In the case at hand, GOER reviewed the duties described in the N2 job classification standard noting that, when a NA1 is not on duty, a N2 is “capable of assigning duties to staff in order to provide adequate coverage; making clinical rounds on wards to assess nursing care needs; evaluating work performance of subordinates; communicating daily nursing needs to appropriate supervisors; accounting for the issuance of controlled drugs and narcotics; and conducting performance evaluations.” Indeed, it observed that such duties are appropriate when a N2 is functioning as “a unit supervisor on the evening and night shifts” or when “in charge of nursing for an entire small facility on the evening and night shifts,” as specifically provided for in the N2 job classification standard. GOER compared the above duties with the tasks that OMH found Cushing actually performed when her supervisor was absent, which included overall responsibility for the facility as well as “midnight shift scheduling and assignment of staff, ground supervision and other clinical/administrative responsibilities.” GOER also reviewed the NA1 job classification standard and noted that it enumerated many duties that Cushing did not perform, namely, “ ‘implementing facility nursing policies and standards; establishing goals and objectives for [the] units; maintaining standards of nursing care and effective relationships with other departments; developing plans of nursing intervention and supervis[ing] subordinates in developing such plans; supervising discharge planning activities; and ․ responsib[ility] for staff orientation.’ ” After taking the foregoing considerations into account, GOER concluded that Cushing was not required to perform out-of-title work.

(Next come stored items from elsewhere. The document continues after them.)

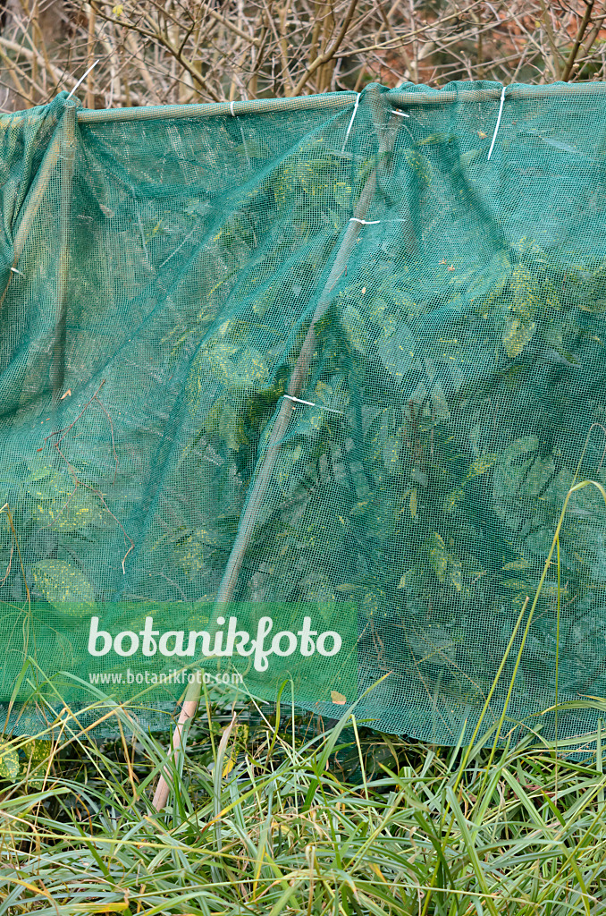 Aucuba du Japon (Aucuba japonica 'Variegata') avec un voile d'hivernage
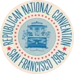The 1964 Republican National Convention took place in the Cow Palace, Daly City, California, from July 13 to July 16, 1964. Before 1964, there had been only one national Republican convention on the West Coast, the 1956 Republican National Convention, which also took place in the Cow Palace. Many believed that a convention in San Francisco indicated the rising power of the Republican Party in the west.[1]
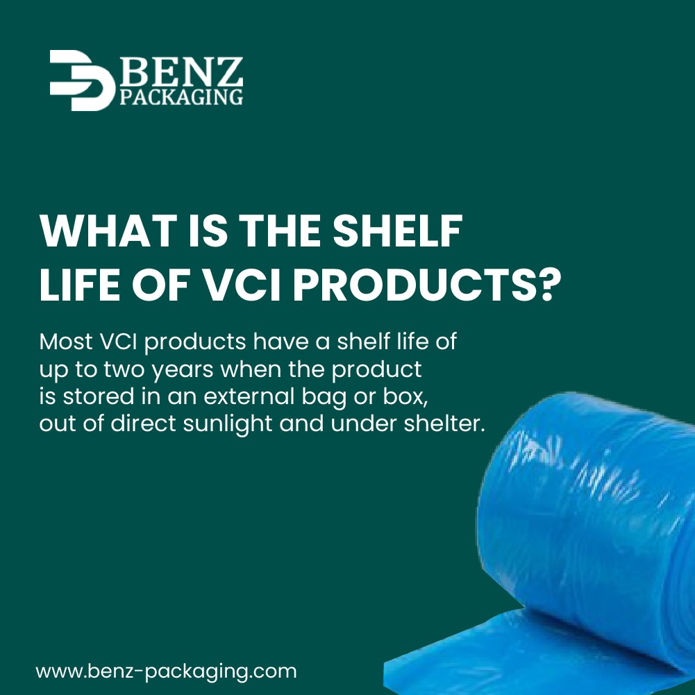 Most BENZ Packaging VCI film products have a shelf life of up to two years when the product is stored in original airtight packaging, out of direct sunlight, and under shelter. Other products such as VCI paper, VCI emitters, liquids, and rust removers may have a shorter shelf life
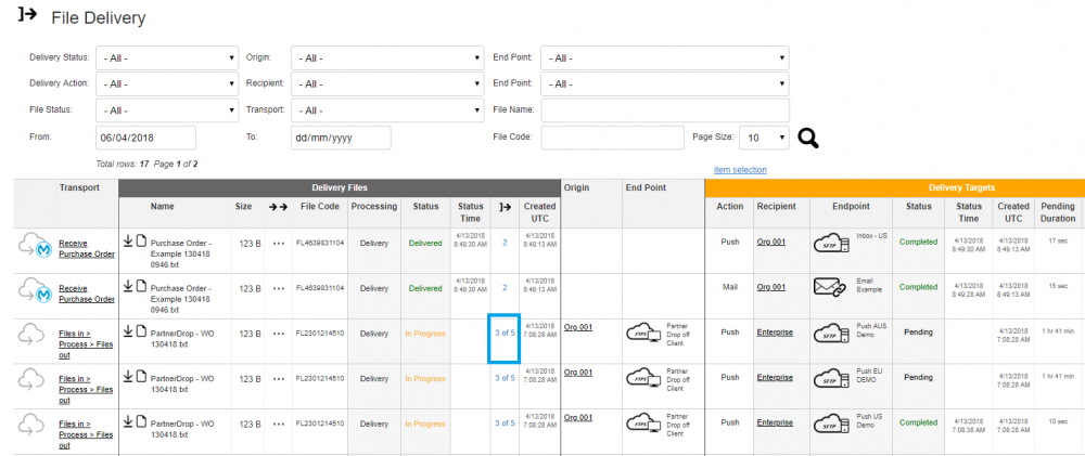 Clicking on the highlighted blue area takes use to a File Delivery view for that Transport.

Judicial review of GOER's determination in this context is limited to whether it is arbitrary, capricious or without any rational basis (see Matter of Woodward v. Governor's Off. of Empl. Relations, 279 A.D.2d at 726-727, 718 N.Y.S.2d 465). Given the similarities between the duties performed by Cushing while substituting for her supervisor and those enumerated in the N2 job classification standard, as well as the absence of compelling evidence establishing that she performed distinctive aspects of the NA1 job title that differentiated it from the N2 job title, we find no basis for disturbing GOER's determination. Accordingly, Supreme Court properly dismissed the petition.
ORDERED that the judgment is affirmed, without costs.
MALONE JR., J.
MERCURE, J.P., SPAIN and STEIN, JJ., concur.